Primeiramente, a afirmação de que “o filho do trabalhador que perde o emprego na indústria não consegue competir com os filhos dos ricos, nem com os filhos dos imigrantes asiáticos” soa demagógica. A menção específica aos imigrantes asiáticos carrega um viés problemático: em vez de reconhecer que esses trabalhadores enfrentam desafios semelhantes e, muitas vezes, superam barreiras sociais por mérito e esforço, a frase sugere que eles são um fator de exclusão para os trabalhadores americanos.
Além disso, a tentativa de minimizar o impacto da ascensão da China ao afirmar que “contribuiu para o fenômeno, em menor dimensão, a emergência da China e sua capacidade industrial imensa” é enganosa. A China não foi um fator secundário; pelo contrário, foi um dos principais motores da reestruturação industrial global. A globalização permitiu que empresas deslocassem sua produção para países com custos trabalhistas mais baixos, e esse processo dificilmente será revertido, pois está enraizado na lógica econômica do capitalismo moderno.

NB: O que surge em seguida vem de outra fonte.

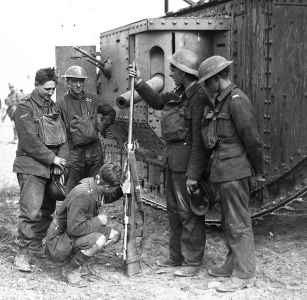 Canadian soldiers alonside a British tank, examining a German anti-tank rifle captured during the Battle of Amiens, August, 1918. (Library and Archives Canada Photo, MIKAN No. 3395388)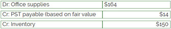 Sometime later, Acme removes 10 cartridges from inventory and installs them in its own printers. The retail value of the cartridges is $200.00, their cost is $150.00 and the provincial PST rate is 7%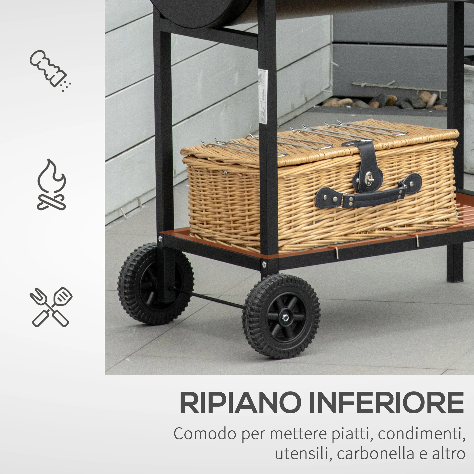 Easycomfort Barbecue in Acciaio con 2 Griglie Indipendenti, 2 Ruote e Ripiano Inferiore | Nero | 90cm x 45cm x 96cm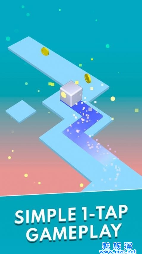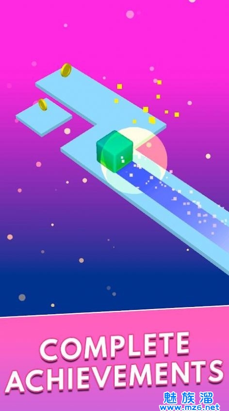 1、在遇到弯道的时候,使用手指及时滑动屏幕就能让方块转弯进入下一弯道。

A solução proposta pelo colunista também se mostra equivocada. Sugerir que a competitividade do trabalhador pode ser melhorada por meio do aprimoramento da escola pública básica ignora um problema: o alto custo do ensino superior nos Estados Unidos. Se o objetivo é qualificar melhor a força de trabalho, não basta responsabilizar a escola pública básica. A maior barreira para a ascensão profissional da classe média-baixa está no acesso ao ensino superior, que nos EUA é majoritariamente privado e extremamente caro. Uma política educacional séria deveria enfrentar essa realidade e propor medidas concretas para ampliar o acesso à universidade.

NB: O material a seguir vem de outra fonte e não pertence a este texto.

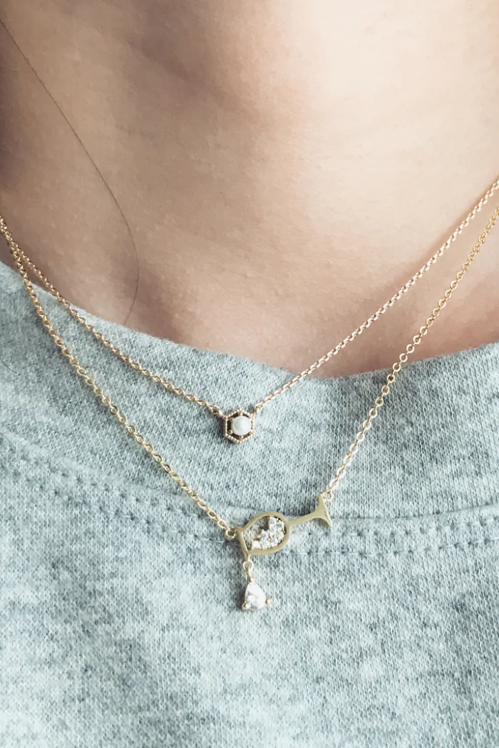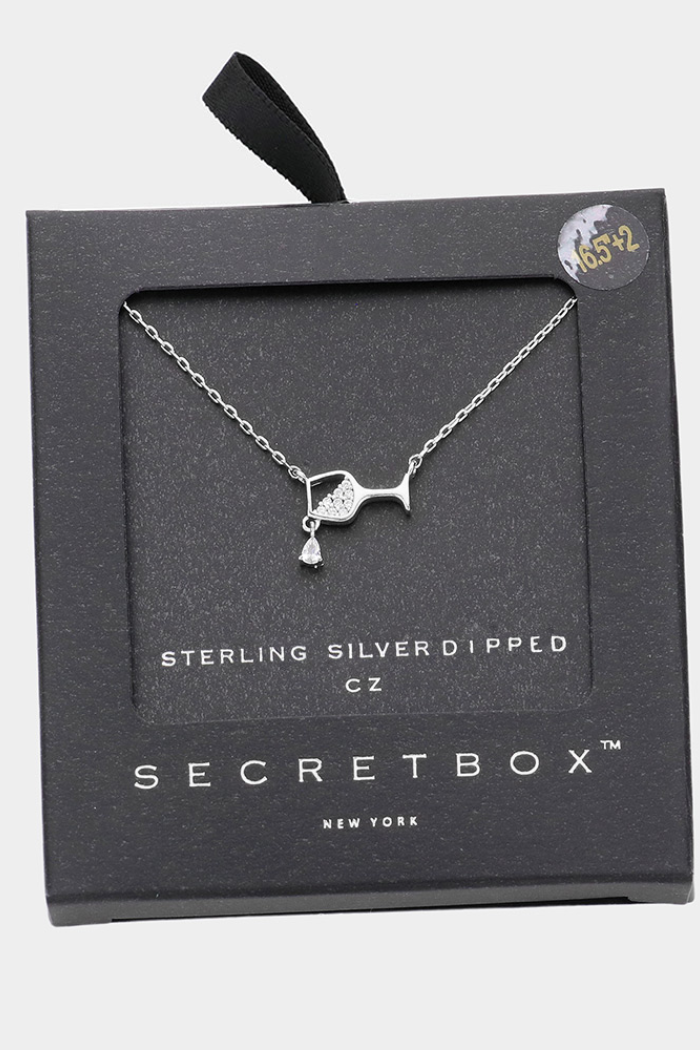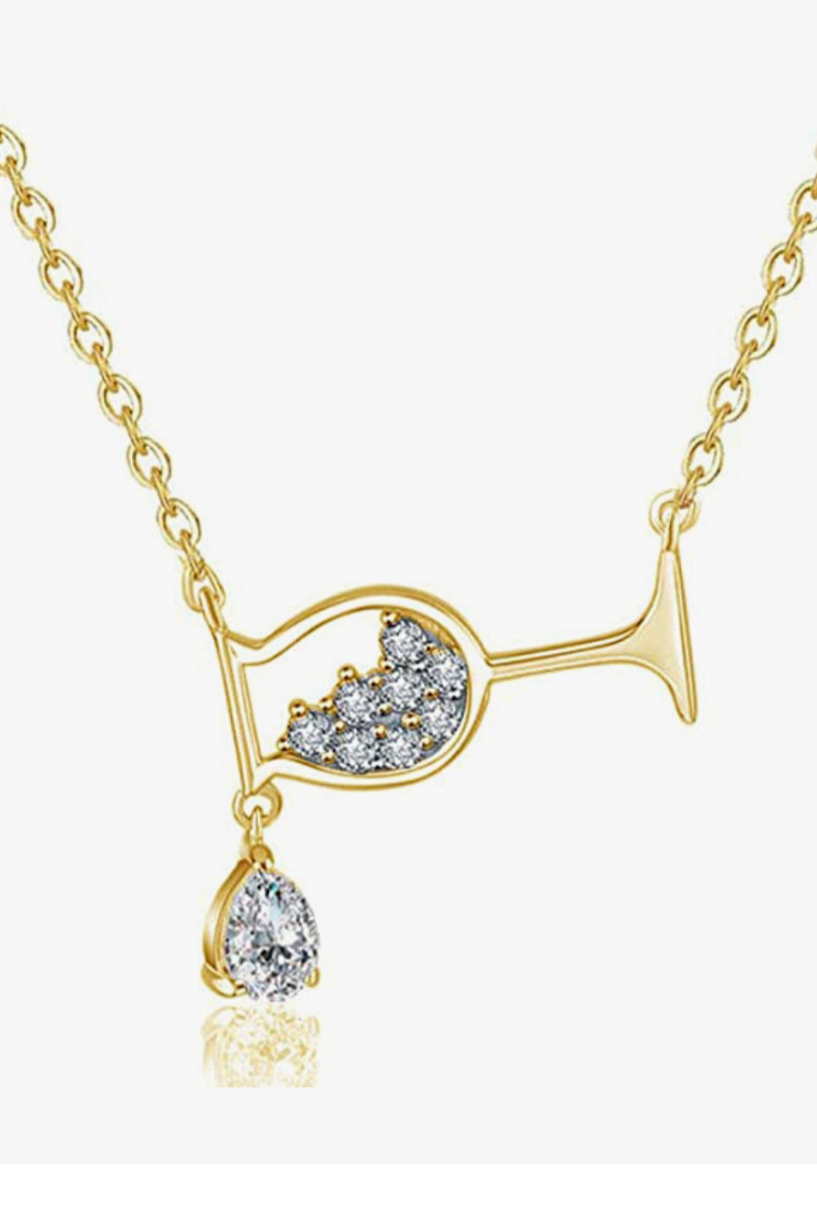 18K gold dipped Cubic Zirconia Wine Glass with Pear shape dangle.16” plus 2 inch extender

No fim, a análise e a solução apresentadas pelo colunista são falhas. Desviar o foco para a crise da educação pública básica é, no mínimo, um erro grosseiro — quando, na verdade, acreditamos ser uma tentativa ideológica de enfraquecer ainda mais um sistema que deveria ser fortalecido, e não atacado.
Fonte:- Folha de São Paulo. Samuel Pessôa. A heterodoxia trumpista não funcionará. 2025.